How to copy char array in C?

You cannot assign arrays; names are constants that cannot be changed.

You can copy the contents using:

 strcpy(array2, array1); 

Assuming the source is a valid string and that the destination is large enough, as in your example.

As others noted, strings are copied with strcpy() or its variants. In some cases, you can also use snprintf() .

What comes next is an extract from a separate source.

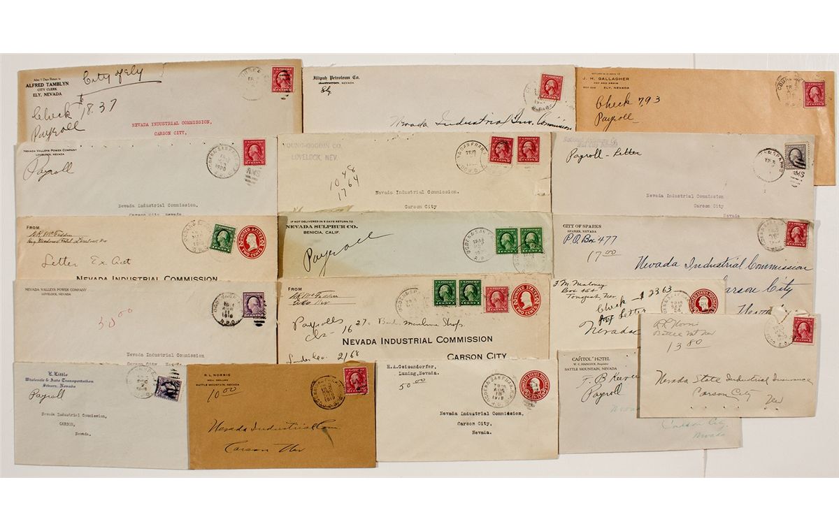 c1918 This is a lot of 16 RPO's from various parts of eastern Nevada, including Ely, Schurz, Lovelock, Battle Mountain etc. All are in good condition. These are from former Nevada State Treasurer Dan Franks' collection. - HKA#66048
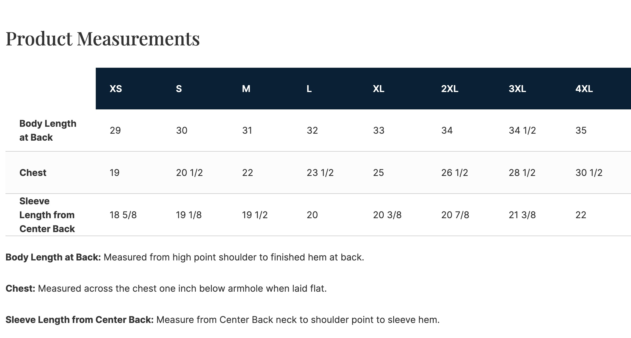 Click to view sizing chart.

You can only assign arrays the way you want, as part of the structure assignment:

 typedef struct { char a[18]; } array; array array1 = { "abcdefg" }; array array2; array2 = array1; 

If your arrays are passed to functions, it will be shown that you are allowed to assign them, but this is just an accident of semantics. In C, the array will decay into a pointer type with the address value of the first member of the array, and that pointer will be passed. So, your array parameter in your function is just a pointer. Assignment is just a pointer assignment:

 void foo (char x[10], char y[10]) { x = y; /* pointer assignment! */ puts(x); } 

The array itself remains unchanged after returning from the function.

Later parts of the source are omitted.